------ PROVIDED MATERIAL

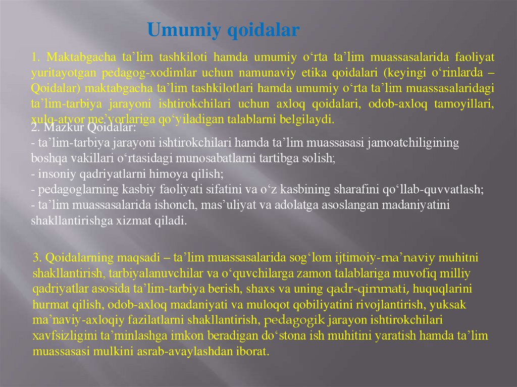 1. Umumiy oʻrta taʼlim muassasasining takomillashtirilgan namunaviy odob-axloq qoidalari(keyingi oʻrinlarda – Qoidalar) umumiy oʻrta taʼlim muassasasi ta’lim-tarbiya jarayoni
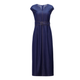 - Women's sleeveless denim A-line dress with layered contrast inner top
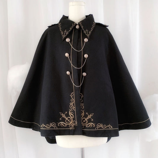 Japanese Embroidered Dovetail Woolen Cape Coat SE20763
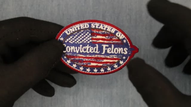 The United States of Convicted Felons Patch measures 3.5x2.5 inches and features a bold red, white, and blue color scheme. This patch is embroidered on durable Twill fabric and includes clean laser-cut embroidered borders for easy application. It is ideal for use on Leather Biker Jackets, Vests, Chaps, Shirts, Hats, and Denim Jeans.
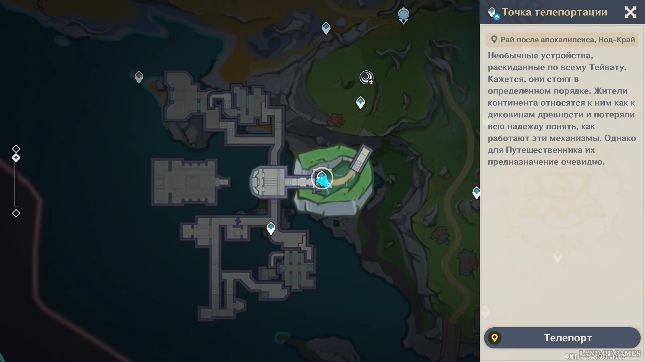 Парит над металлической вышкой неподалеку от самого юго-восточного телепорта области.

------------

● EXERCISE PROMPT: Word for word, set down every line of the records above, and leave the pictures out.

● ANSWER SECTION:
 1. Umumiy oʻrta taʼlim muassasasining takomillashtirilgan namunaviy odob-axloq qoidalari(keyingi oʻrinlarda – Qoidalar) umumiy oʻrta taʼlim muassasasi ta’lim-tarbiya jarayoni
 - Women's sleeveless denim A-line dress with layered contrast inner top
 Japanese Embroidered Dovetail Woolen Cape Coat SE20763
 The United States of Convicted Felons Patch measures 3.5x2.5 inches and features a bold red, white, and blue color scheme. This patch is embroidered on durable Twill fabric and includes clean laser-cut embroidered borders for easy application. It is ideal for use on Leather Biker Jackets, Vests, Chaps, Shirts, Hats, and Denim Jeans.
 Парит над металлической вышкой неподалеку от самого юго-восточного телепорта области.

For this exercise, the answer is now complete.